= Milovan Krivokapić =

Serbian politician

Milovan Krivokapić (Милован Кривокапић; born 1949) is a politician in Serbia. He has served in the National Assembly of Serbia since 2016 as a member of the Serbian Progressive Party.

==Private career==
Krivokapić is a medical doctor. He is the director of the Public Health Institute in North Mitrovica in the disputed territory recognized in Serbia as Kosovo and Metohija.

==Parliamentarian==
Krivokapić received the eighty-third position on the Progressive Party's Aleksandar Vučić – Serbia Is Winning electoral list for the 2016 election and was elected when the list won a majority victory with 131 out of 250 mandates.

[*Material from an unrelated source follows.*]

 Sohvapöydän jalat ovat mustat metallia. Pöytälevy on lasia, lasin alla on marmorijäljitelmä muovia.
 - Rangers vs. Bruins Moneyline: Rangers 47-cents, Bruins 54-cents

He serves on the parliamentary health and family committee and the committee on Kosovo-Metohija, and is a member of the parliamentary friendship groups for Belarus, China, Greece, Kazakhstan, Russia, Slovakia, and Spain.

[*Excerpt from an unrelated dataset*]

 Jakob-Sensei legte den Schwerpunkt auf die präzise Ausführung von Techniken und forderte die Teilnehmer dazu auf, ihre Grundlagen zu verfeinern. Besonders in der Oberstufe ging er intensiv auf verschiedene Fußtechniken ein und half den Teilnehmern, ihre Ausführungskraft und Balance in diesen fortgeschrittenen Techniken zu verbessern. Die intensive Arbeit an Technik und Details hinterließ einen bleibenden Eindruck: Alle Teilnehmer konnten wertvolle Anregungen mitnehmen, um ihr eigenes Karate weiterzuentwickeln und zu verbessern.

He defended the appointment of Danica Marinković to Serbia's Anti-Corruption Agency in December 2016, after she was accused by opposition members of minimizing the suffering of Albanians in the events known as the Račak massacre. Krivokapić described Marinković as "an honest woman with an impressive biography."

==Politics of Kosovo==
Krivokapić was elected to the presidency of the Serb List in Kosovo in July 2017 and is currently seeking election to North Mitrovica's municipal assembly in the 2017 Kosovan local elections.